Recommended: implement (a) now — it’s 50 lines, fully correct, and closes the bug. Add (c) as a follow-up because it pays off in other ways (better LLVM optimization, clearer IR).

Specific changes:

self-hosted/backend/mir.qz: add a bit MirReg::escapes_via_stack (or reuse an existing flag byte). When MIR_STACK_ALLOC / MIR_VALUE_CTOR / any intrinsic that allocas produces a register, set the bit. Propagate through MIR_PTRTOINT and through any copy/move.
self-hosted/backend/codegen_instr.qz:415: before is_tail = 1, loop over args[] and if any arg’s MirReg has the stack-pointer bit, keep is_tail = 0.
Add a regression test covering the minimal repro (my_unwrap with a non-inlined body) so the bug cannot silently return.

Quartz-time estimate: 0.5 day. Risk: low. Propagating one bit through MIR is mechanical. Worst case: some legitimately-tail-callable sites lose TCO; none of them are in hot loops in current Quartz code.

Phase 2: Activate the failing QSpec test

After Phase 1, the existing never_type_spec.qz test at line 98 should pass unchanged. Run the full never_type_spec.qz and stress_type_system_spec.qz suites to confirm.

Phase 3 (follow-up, not blocking): switch `@value` struct/enum args to typed `ptr`

Stop emitting ptrtoint %alloca to i64 followed by i64 arguments. Emit ptr arguments directly. Rewrite mir_sizeof_type-aware calls to use ptr types where the arg type is a stack-allocated struct. This requires threading struct-type information through the MIR→LLVM call lowering path. Benefits:

LLVM’s own TCO escape analysis handles it (no manual tracking needed).
Opt passes (DSE, GVN, memcpyopt) get better alias information.
Debug info becomes more accurate.
Matches what Rust/Swift/Zig do.

Quartz-time estimate: 2 days. Touches codegen_instr.qz, codegen_util.qz, and the MIR→LLVM type-name layer. Risk: medium. Needs careful handling of mixed i64/ptr arg lists and of existing callees that expect i64.

Phase 4 (follow-up): do not inline the dead `mir_emit_store_var` after a terminated block

Unrelated but adjacent: in mir_lower_expr_handlers.qz:2989-2997 (match arm bodies) and similar sites, ctx.mir_emit_store_var(result_name, arm_val) is called even when the current block is already terminated by TERM_UNREACHABLE. The resulting store is dead code but adds IR noise. Guard these with a term_kind < 0 check before emitting. Not a correctness bug, just cleanup.

Quartz-time estimate: 0.25 day.

7. Out of scope

Actual Never-type handling: already correct.

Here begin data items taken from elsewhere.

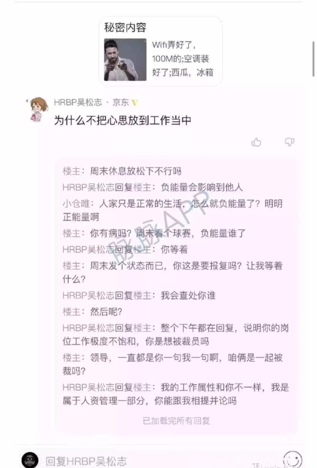 前陣子JD某HR也是活生生的例子,員工在社交平台發布看世界盃的消息,就被HR給懟了,還揚言要員工「等著」,結果這位HR被網友批得體無完膚。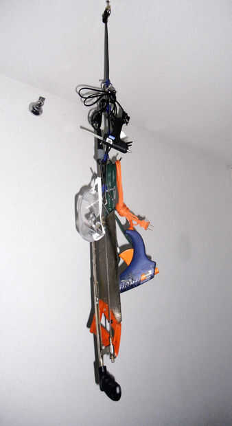 Esta correa es colgar algunas de mis herramientas de cable utilizados por encima de mi área de trabajo, como el cautín y pistola de pegamento. También es capaz de colgar cables de extensión, gafas de seguridad y casi cualquier cosa con una manija o gancho.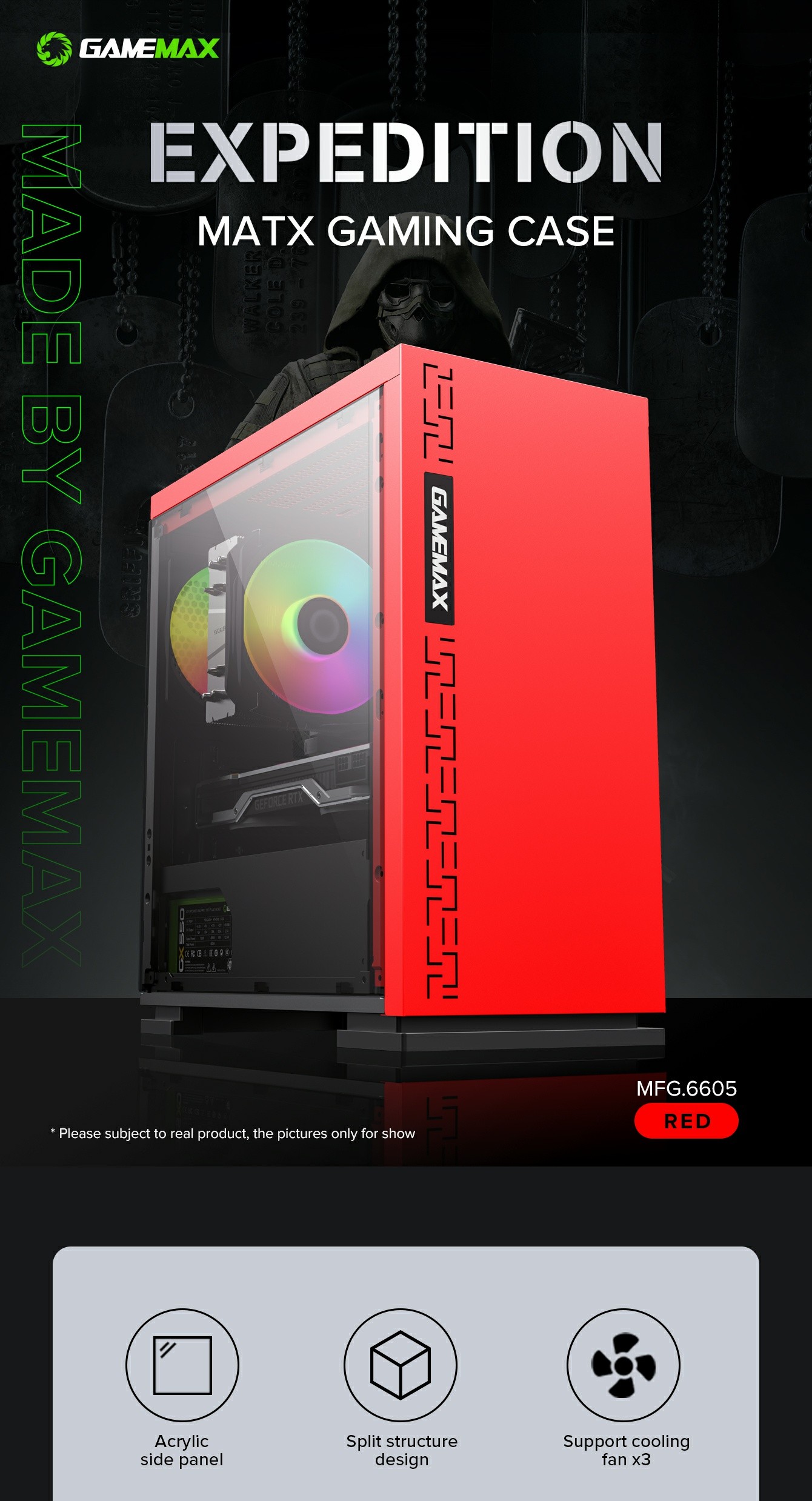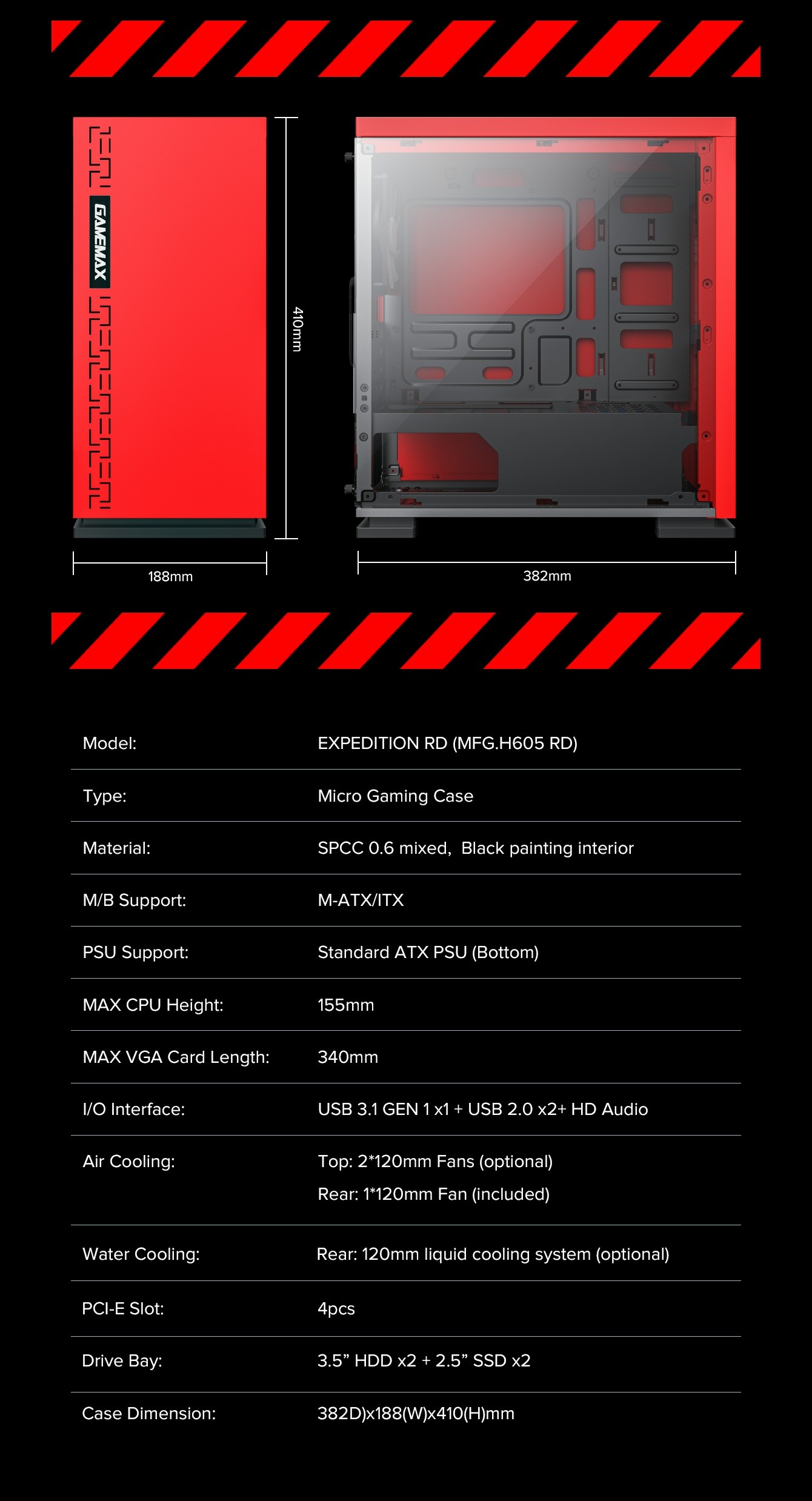 GameMax Expedition(H605) Micro mini tower gaming case ,MATX Structure, Compact design and included 1x 12cm FRGB fan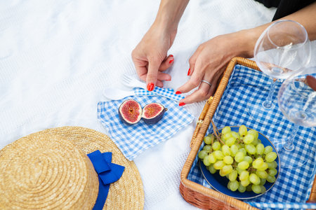 Romantic picnic in the park on the grass, delicious food: basket, wine, grapes, figs, cheese, blue checkered tablecloth, two glasses of wine. Girl cuts figs.Outdoor recreation concept

Panic calls correctly terminate blocks with TERM_UNREACHABLE. Match arms correctly propagate the terminator. The never_type_spec.qz tests that pass today pass for the right reasons.
The exit 176 magic number: incidental. Will become exit 0 or any other garbage value once the TCO bug is fixed (the fix makes the test pass; the specific garbage value no longer matters).